Запомни раз и навсегда. Мужчины правят этим миром. Условно, конечно. Недостойные существа в большинстве своем. Они сделают все возможное, чтобы задвинуть на задний план сильную женщину, унизить ее, сделать ее достоинства и таланты чем-то несущественным и не заслуживающим внимания. Им ничего не стоит присвоить себе ее идеи, оставив ее саму в тени. А живой гениальный ум, проявленный в обществе, высмеять и превратить в недостаток. И мы должны прикидываться беспомощными дурочками, чтобы эти слабовольные, мягкотелые, глупые и горделивые самцы всегда чувствовали себя на высоте. Теперь понимаешь? Чтобы выживать в их мире, нам необходимо притворяться, изощряться, крутиться, выдумывать разные уловки, чтобы выцарапать себе право на достойную жизнь.

О, боже. Как я презираю этих жалких созданий! Всех, кроме одного, который пока еще не разгадан мною. Может быть, на этот раз мне повезет больше, и разочарование не будет для меня столь быстрым и жестоким.
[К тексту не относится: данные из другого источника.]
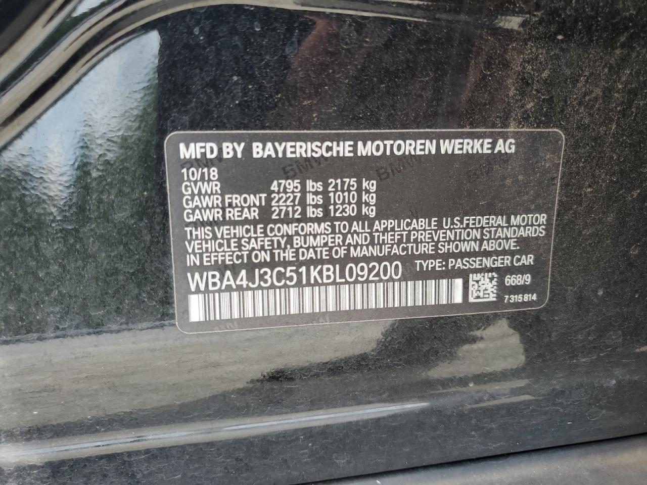 2019 BMW 4 SERIES GRAN COUPE - WBA4J3C51KBL09200, цвет - Черный, 2.0, Бензин, Полный привод из США

Ждать счастья — это как дразнить дьявола. Не стоит ждать милостей судьбы. Ты должна взять их сама.

Первое правило успешных женщин — не пытайся соперничать с мужчинами и доказывать им, что ты в чем-то талантливее и умнее. Если можешь выжать из них как можно больше выгод для себя — делай это молча, улыбайся, ненавидь в душе, но не показывай этого, почувствуй себя тайно отомщенной, пусть думают, что это они управляют всем, а на самом деле они пешки в твоей игре.

Что бы они делали без меня? Трудиться никто не любит. Другое дело — творить темные делишки чужими руками, чтоб самим не запачкаться. И я знаю, что при первой же осечке они меня сдадут, и никто из них не придет мне на помощь, отплатив черной неблагодарностью. Ни один подонок не впишется за меня.

Сколько раз мужчины предавали меня, лишь один положил свою жизнь и веру на жертвенный алтарь ради моего счастья, и его смерть единственная, в которой я раскаиваюсь, отчасти считая себя виновной в ней. Он был почти таким же юным, как я, и, может, это к лучшему, что он не успел погрязнуть в грехах и измазаться в нечистотах этого мира.

Остальные же… все, как один, образцы неудачного творения Создателя.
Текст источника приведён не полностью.